Key Highlights
- The S&P 500® was down 0.05% in December, bringing its 2025 performance to 16.39%.
- The Dow Jones Industrial Average® gained 0.73% for the month and was up 12.97% for 2025.
- The S&P MidCap 400® decreased 0.10% for the month, bringing its 2025 level to 5.90%.
- The S&P SmallCap 600® fell 0.26% in December and was up 4.23% for 2025.

Market Snapshot
In December, the S&P 500 continued November’s reallocation, as most of the money stayed in the equity markets (some also went into gold and silver, but not oil), with domestic and international inflows continuing to be strong (though U.S. interest rates remained on the high side, with the dollar on the low side—not unassociated). The month ended in a minor 0.05% decline (up 0.06% with dividends), after November’s 0.13% gain and the prior 10 months’ 16.30% (7 months up and 3 down), leaving 2025 with a pleasing 16.39% gain (but it was the second year of declines, as 2024 was up 23.31% and 2023 was up 24.23%). The three-year total return was 88.11% (23.01% annualized), but the more pressing question is about 2026: the S&P 500 one-year bottom-up consensus target price for the S&P 500 is 8,001, a 16.9% expected gain, marking a potential fourth year of double-digit gains (last seen in a five-year run from 1995 to 1999 of 220%). Breaking down the gains shows the often-quoted Magnificent 7 contributing a sizable amount. For the three-year period, the Magnificent 7 contributed 55% of the total return, meaning the 86% (23.0% annualized) total return would become 39% (11.6% annualized) without the group, while 2025’s 17.9% would become 10.4%, with the expected 2026 return of 16.9% (a potential third year of decreasing gains) becoming 9.3%. Of note, however, is that the top-heavy stocks are projected to become even more so, as NVIDIA (NVDA) and Microsoft (MSFT), which together comprise 14% of the index’s market value, are expected to contribute 30% of the return, so 16.9% would be 11.8% absent those two. In retrospect, while no one created an aggravation-reward index, 2025 was not an easy year (but it was profitable for most); the people who think 2026 will be easier are those who have taken their profits and parked their money in more secure instruments.

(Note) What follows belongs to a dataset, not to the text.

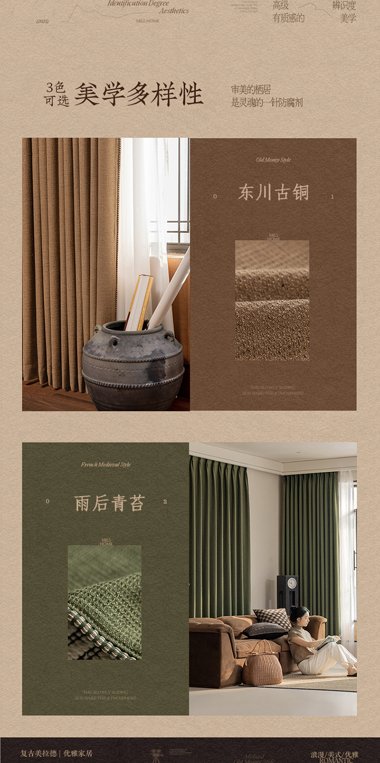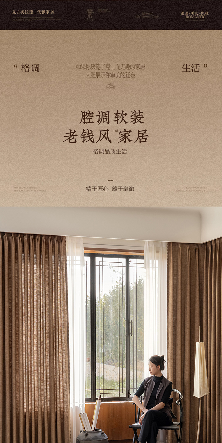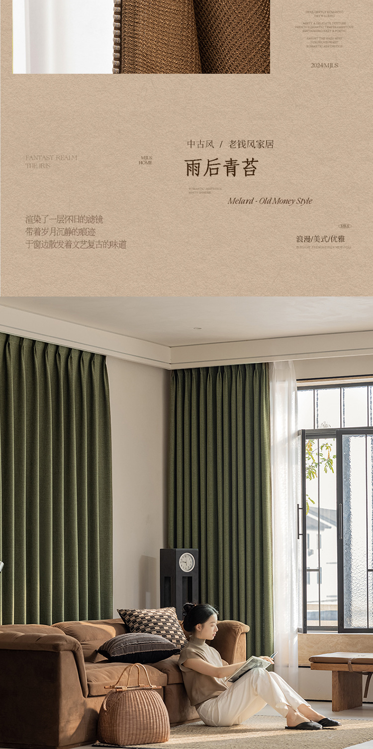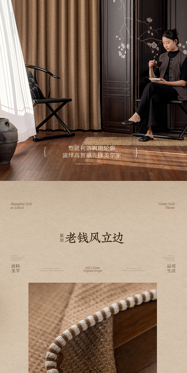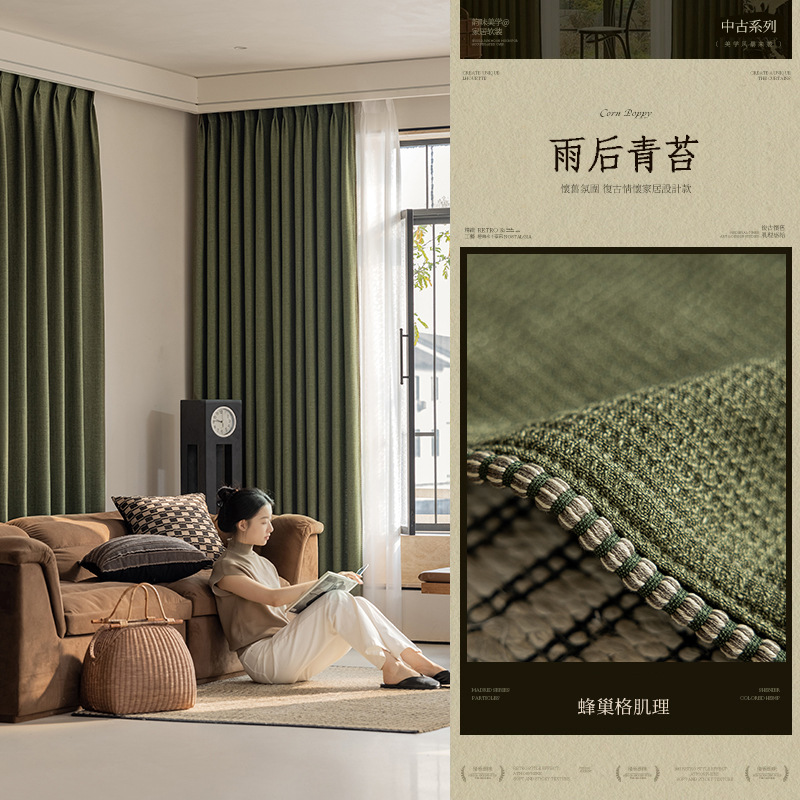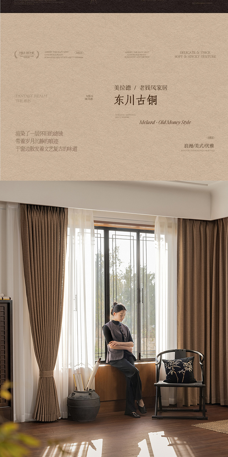 Sanqian Jinhua Fitian Tian Tian 커튼 중세 스타일 면 및 린넨 원사 염색 커튼 거실 침실 B&B 커튼 Shaoxing Keqiao

As for 2025, the S&P 500 posted a 16.39% gain (17.88% with dividends), compared to 2024’s 23.31% (25.02%), 2023’s 24.23% (26.29%) and 2022’s decline of 19.44% (-18.11%). Breadth slightly declined for the year, as 304 issues gained (332 in 2024, 332 in 2023) and 196 declined (169, 179). Ten of the 11 sectors gained for the year (Communication Services had the best performance, up 32.41%, and Real Estate the worst, down 0.35%); 2024 also saw 10 of 11 sectors gain (Communication Services at 38.89%, and Materials at -1.83%), while 2023 had 8 of 11 (Communication Services at 54.36%, and Utilities at -10.20%). Of note, 2022 was not a good year, as the index fell 19.44%, with only one sector up (Energy, 59.05%) and 10 down (Communication Services, -40.42%), as 139 issues were up and 363 were down. Risk, as measured by VIX, closed down at 15.01 from 17.35 at year-end 2024, but in between it spiked on April 7 at 60.13 over tariffs, and it reached its yearly lows in December. Intraday daily volatility (high/low) increased for 2025 to 1.18% from 2024’s 0.91% and 2023’s 1.04% (historically 1.40%). Trading volatility for the year increased 31% over 2024; it declined 2% in 2024 and fell 1% in 2023. On an aggregate basis, the S&P 500 closed with a market value of USD 58.438 trillion, adding USD 8.633 trillion for the year into shareholders’ pockets (excluding USD 671 billion in dividends) and adding USD 26.305 trillion (plus USD 1.888 trillion in dividends) over the three-year period.
From a higher market view, the recent reallocation was seen as a successful market operation, as money not only stayed in the market, but inflows helped to support levels. On an issue level, breadth declined and turned negative (242 up and 260 down), reflecting the continued top-heavy contributions, as the Magnificent 7 continued to outperform (the 0.06% S&P 500 total return gain for December would have been a decline of 0.18% without the Magnificent 7). Leadership shifted, as views of the economy (the expectation of Fed interest rate changes, employment, consumer spending and earnings) and politics (tariff negotiations and alternatives to an expected Supreme Court ruling) changed, while trading remained calm. December trading volume was down 13% from November (but up 12% year-over-year), though 2025 was up 31% over 2024 (after 2024 was down 2% over 2023).